Azure CloudAppendBlob errors with concurrent access
Asked Answered
L

4

11

My understanding was that the Azure CloudAppendBlob was safe from concurrency issues as you can only append to this blob storage and it does not need to compare E-tags. As stated by this post:

http://blogs.msdn.com/b/windowsazurestorage/archive/2015/04/13/introducing-azure-storage-append-blob.aspx

specifically:

In addition, Append Blob supports having multiple clients writing to the same blob without any need for synchronization (unlike block and page blob)

However the following unit test raises:

412 the append position condition specified was not met.

stack trace

Microsoft.WindowsAzure.Storage.Blob.BlobWriteStream.Flush()
Microsoft.WindowsAzure.Storage.Blob.BlobWriteStream.Commit()
Microsoft.WindowsAzure.Storage.Blob.CloudAppendBlob.UploadFromStreamHelper
Microsoft.WindowsAzure.Storage.Blob.CloudAppendBlob.AppendFromStream
Microsoft.WindowsAzure.Storage.Blob.CloudAppendBlob.AppendFromByteArray
Microsoft.WindowsAzure.Storage.Blob.CloudAppendBlob.AppendText

Here is the unit test.
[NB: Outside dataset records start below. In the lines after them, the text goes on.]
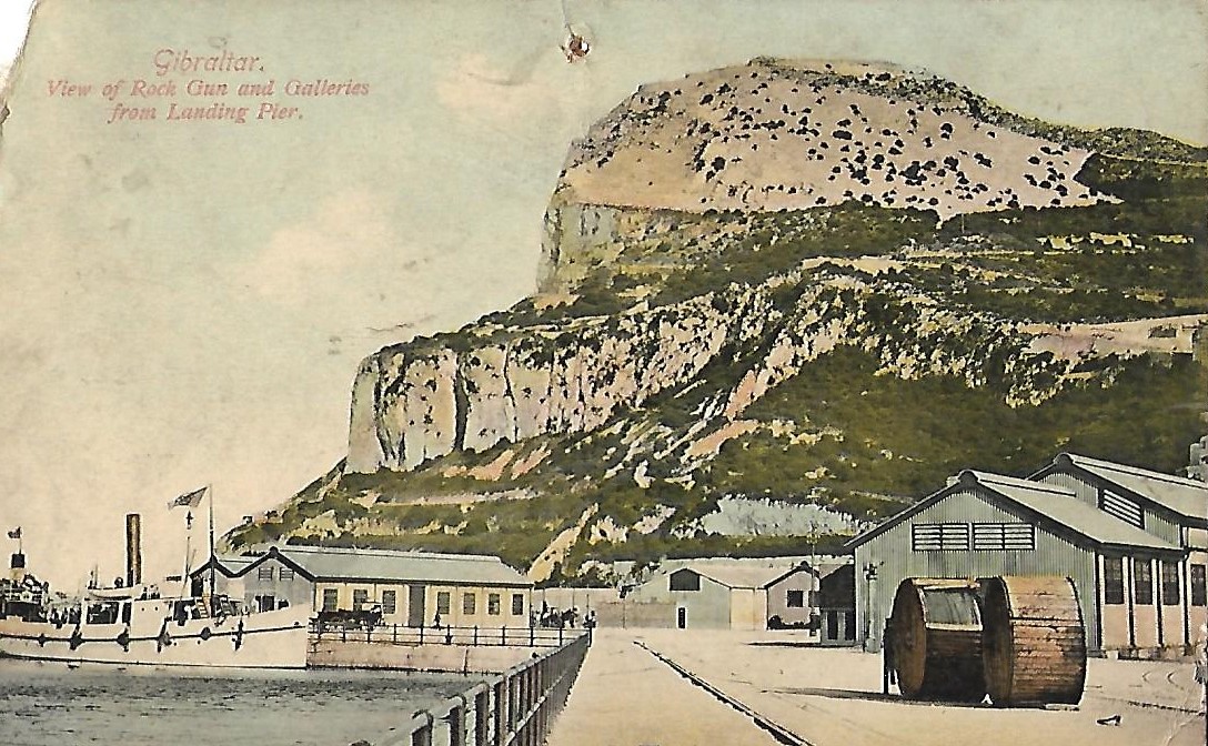 I came across an old postcard with no connection to anyone in our family – I think my mother-in-law collected postcards although this one, I discovered was sent before she was born… but back to the beginning. I found this very old postcard of Gibraltar; I’m not sure if it’s an actual photo or a painting, it’s old and rather faded and an inscription says ‘Gibraltar – view of Rock, Gun and Galleries from Landing Pier.’ I can’t see ‘the gun and can’t find out what it might have been after a cursory Google glance, but wonder if it may have been ‘the impressive 100 Ton Gun installed in the early nineteenth century but never fired in anger’ – I must find out more, but back to the postcard because it is the back not the front which interested me.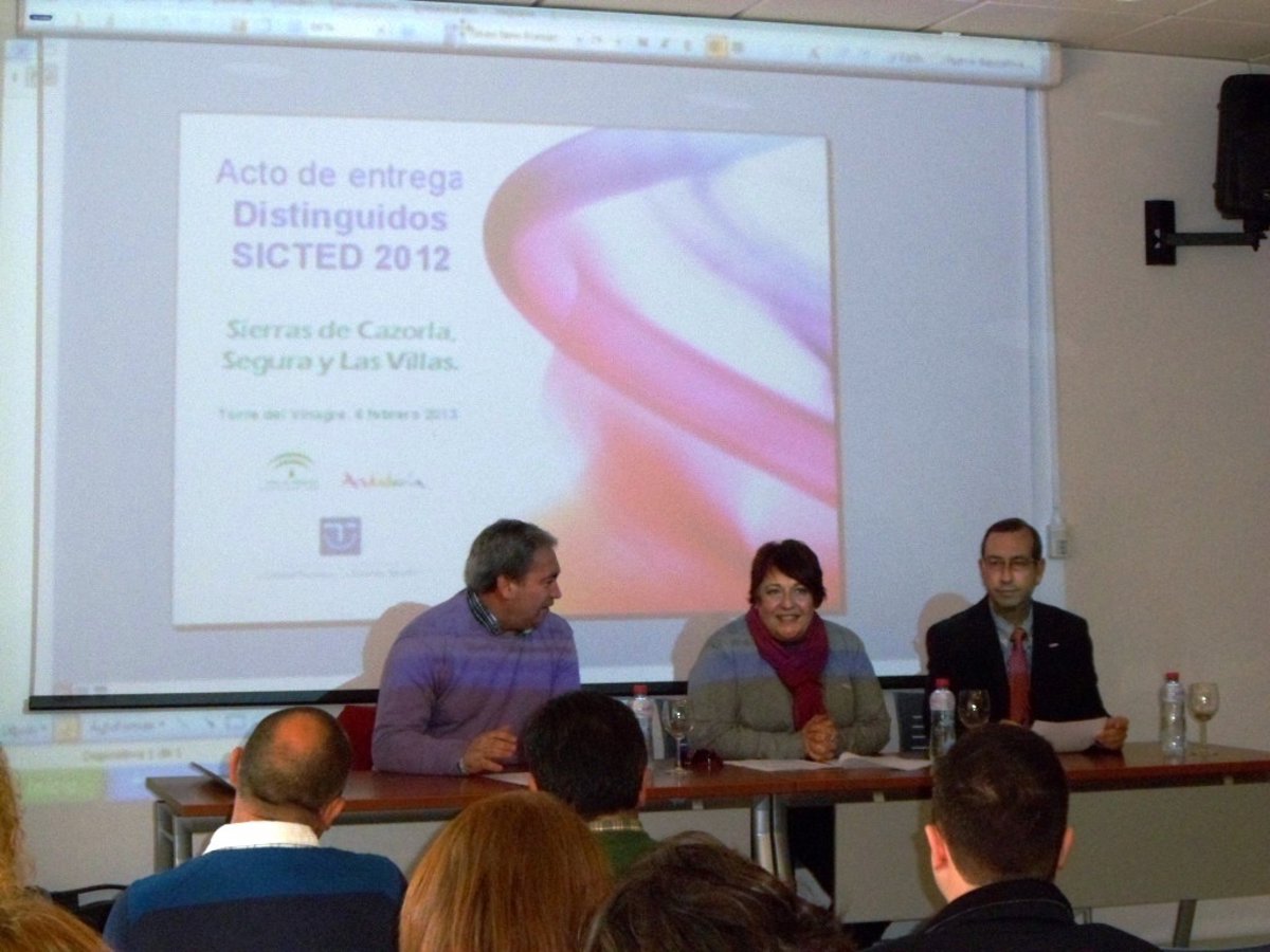 La directora general de Calidad, Innovación y Fomento del Turismo, Manuela González, acompañada del delegado territorial de Fomento, Vivienda, Turismo y Comercio, Juan Antonio Sáez, y junto al alcalde de Santiago-Pontones, Pascual González, ha entregado hoy los diplomas a varias de las empresas que han recibido el distintivo Sicted y subrayó la implicación de los agentes públicos y privados de los 26 municipios que integran el Programa de Revitalización Turística e Impulso Económico que la Junta tiene en marcha en esta zona.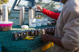 Nous vous recommandons des vêtements de couleur neutre, un gilet pour les matinées et les soirées, un chapeau et des lunettes de soleil. Pensez à emporter une gourde que vous pourrez remplir lors du safari.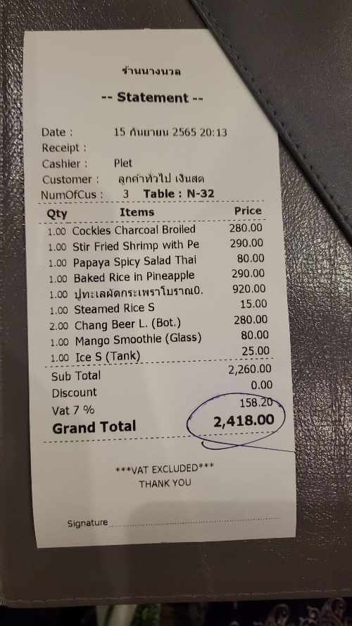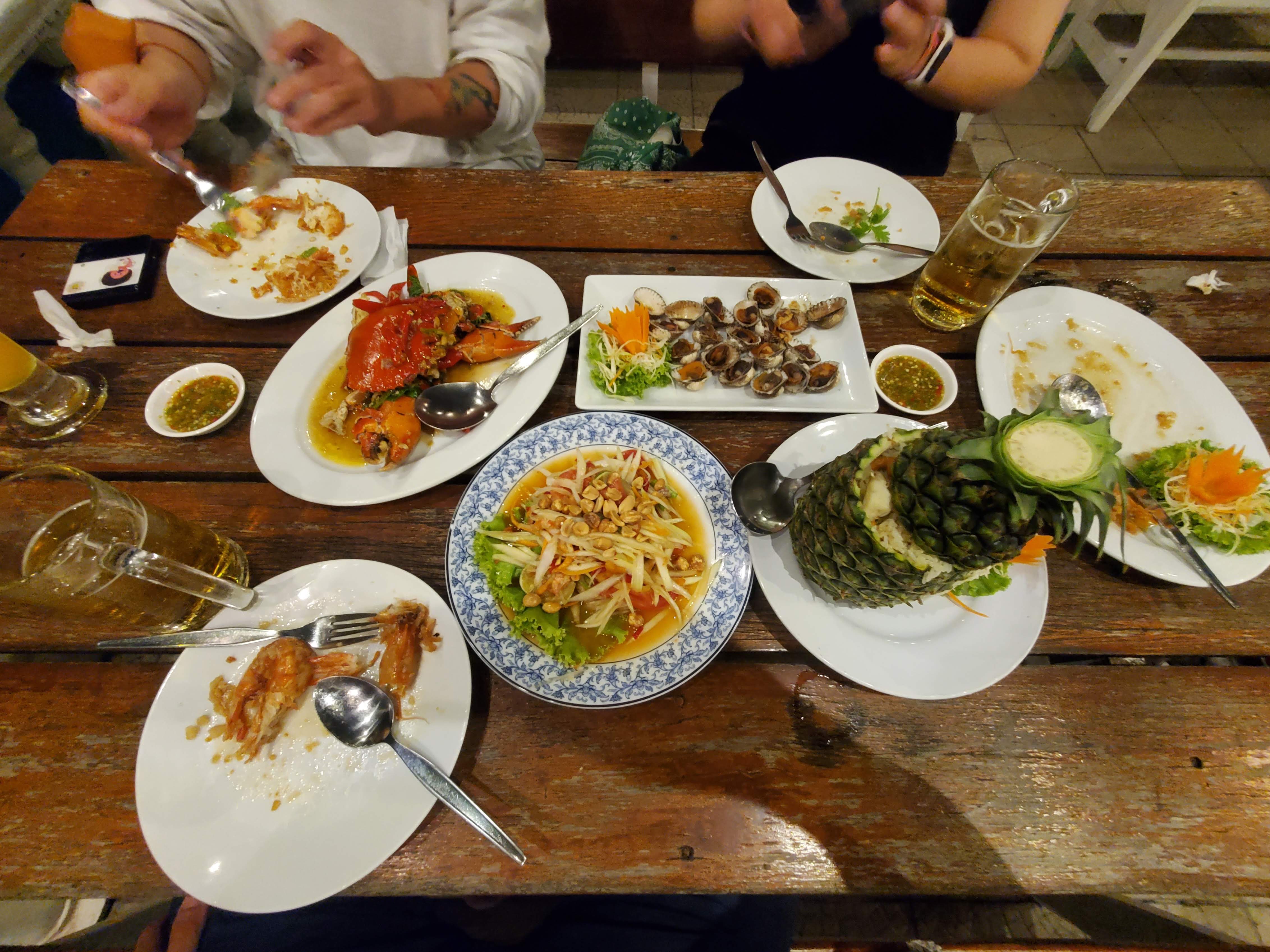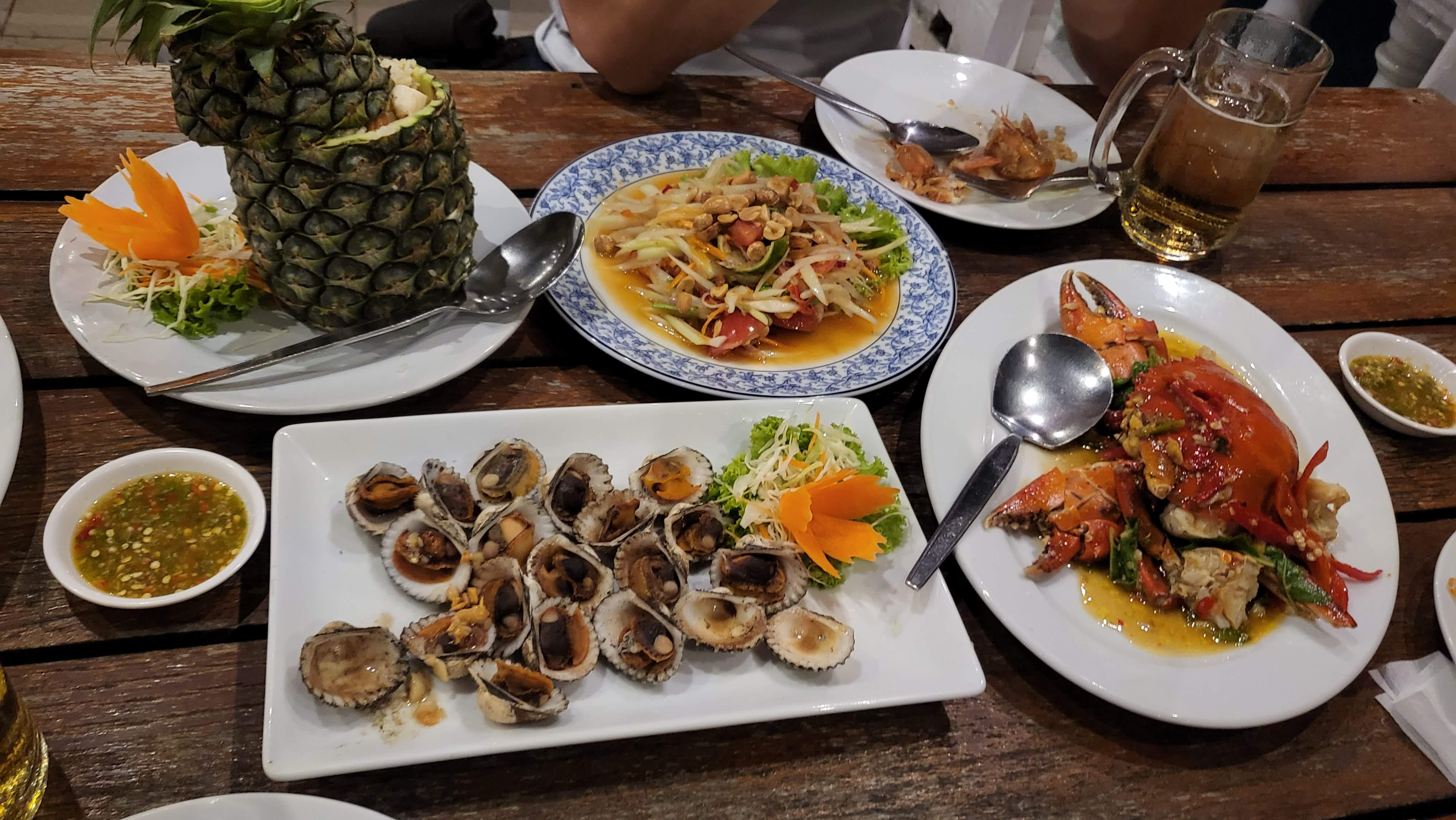 그 외에도 꼬막(280밧 : 약 1만 1천 원) , 파인애플 볶음밥 (290바트 : 약 1만 1천 원) , 칠리크랩 (시가 : 약 3만 5천 원), 쏨땀 ( 80바트 : 약 3100원) 등을 시켜서 먹었는데 대체로 다 만족스러운 맛이었다.

Maybe the service will handle requests from different contexts but not like this as a parallel?

    [TestMethod]
    public void test_append_text_concurrency()
    {
        AppendBlobStorage abs = new AppendBlobStorage(new    TestConnectConfig(), "testappendblob");

        string filename = "test-concurrent-blob";

        abs.Delete(filename);                       

        Parallel.Invoke(
            () => { abs.AppendText(filename, "message1\r\n"); },
            () => { abs.AppendText(filename, "message2\r\n"); }
        );

        string text = abs.ReadText(filename);

        Assert.IsTrue(text.Contains("message1"));
        Assert.IsTrue(text.Contains("message2"));
    }

Method in AppendBlobStorage

    public void AppendText(string filename, string text)
    {
        CloudAppendBlob cab = m_BlobStorage.BlobContainer.GetAppendBlobReference(filename);

        // Create if it doesn't exist
        if (!cab.Exists())
        {
            try
            {
                cab.CreateOrReplace(AccessCondition.GenerateIfNotExistsCondition(), null, null);
            }
            catch { }
        }

        // Append the text
        cab.AppendText(text);      
    }

Maybe I'm missing something. The reason I'm trying to do this as I have multiple web jobs which can all write to this append blob and I figured this was what it was designed for?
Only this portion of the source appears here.